◆ WHAT IS NEEDED: This calls for a word-for-word copy of all the data, with each picture removed.

◆ DATASET EXTRACT:

────────

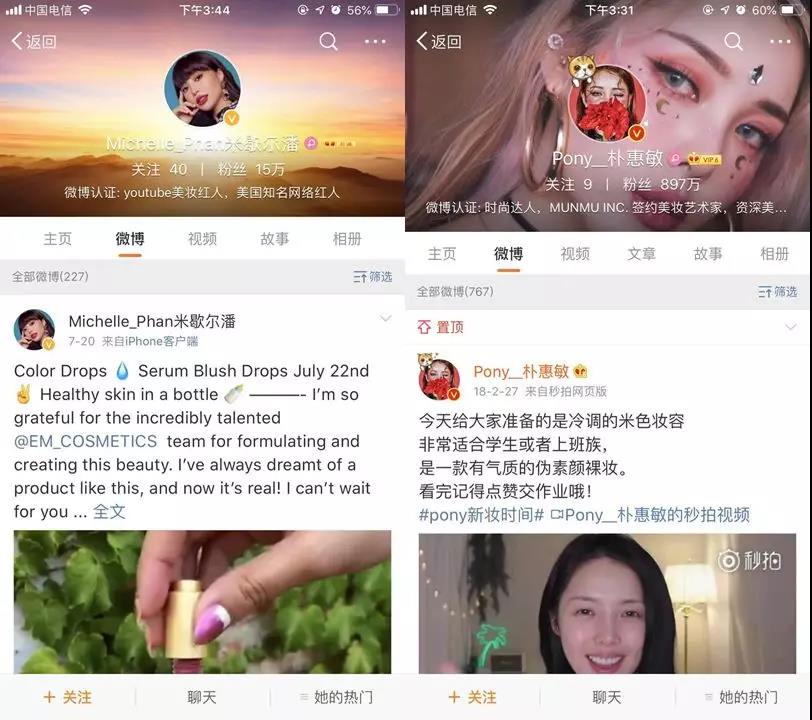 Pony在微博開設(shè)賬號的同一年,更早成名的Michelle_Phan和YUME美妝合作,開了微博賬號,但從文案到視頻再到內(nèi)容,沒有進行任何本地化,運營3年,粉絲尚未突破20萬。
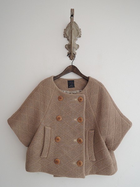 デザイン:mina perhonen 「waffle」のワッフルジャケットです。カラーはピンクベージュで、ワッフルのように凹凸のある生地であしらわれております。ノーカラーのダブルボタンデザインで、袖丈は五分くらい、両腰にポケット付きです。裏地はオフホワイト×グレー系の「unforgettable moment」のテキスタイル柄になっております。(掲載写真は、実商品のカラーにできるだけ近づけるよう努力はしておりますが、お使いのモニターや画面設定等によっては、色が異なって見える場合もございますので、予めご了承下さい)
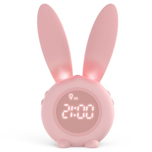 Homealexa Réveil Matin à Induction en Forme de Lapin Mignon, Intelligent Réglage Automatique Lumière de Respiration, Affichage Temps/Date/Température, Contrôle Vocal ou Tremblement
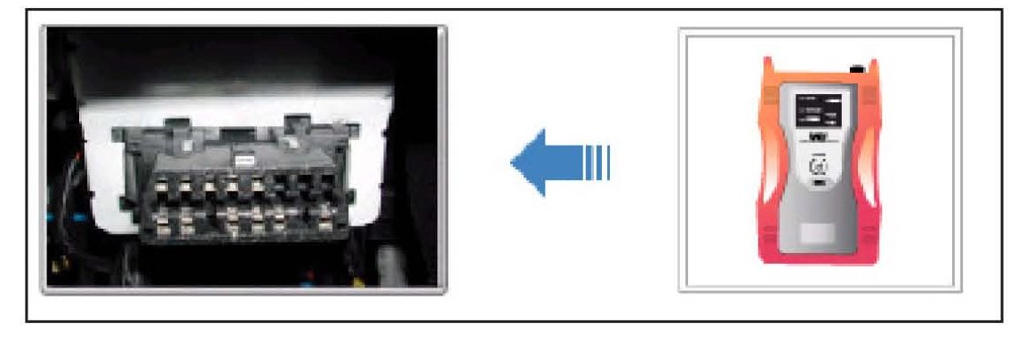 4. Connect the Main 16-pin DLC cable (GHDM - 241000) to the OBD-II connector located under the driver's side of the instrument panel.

────────

◆ RESPONSE:
 Pony在微博開設(shè)賬號的同一年,更早成名的Michelle_Phan和YUME美妝合作,開了微博賬號,但從文案到視頻再到內(nèi)容,沒有進行任何本地化,運營3年,粉絲尚未突破20萬。
 デザイン:mina perhonen 「waffle」のワッフルジャケットです。カラーはピンクベージュで、ワッフルのように凹凸のある生地であしらわれております。ノーカラーのダブルボタンデザインで、袖丈は五分くらい、両腰にポケット付きです。裏地はオフホワイト×グレー系の「unforgettable moment」のテキスタイル柄になっております。(掲載写真は、実商品のカラーにできるだけ近づけるよう努力はしておりますが、お使いのモニターや画面設定等によっては、色が異なって見える場合もございますので、予めご了承下さい)
 Homealexa Réveil Matin à Induction en Forme de Lapin Mignon, Intelligent Réglage Automatique Lumière de Respiration, Affichage Temps/Date/Température, Contrôle Vocal ou Tremblement
 4. Connect the Main 16-pin DLC cable (GHDM - 241000) to the OBD-II connector located under the driver's side of the instrument panel.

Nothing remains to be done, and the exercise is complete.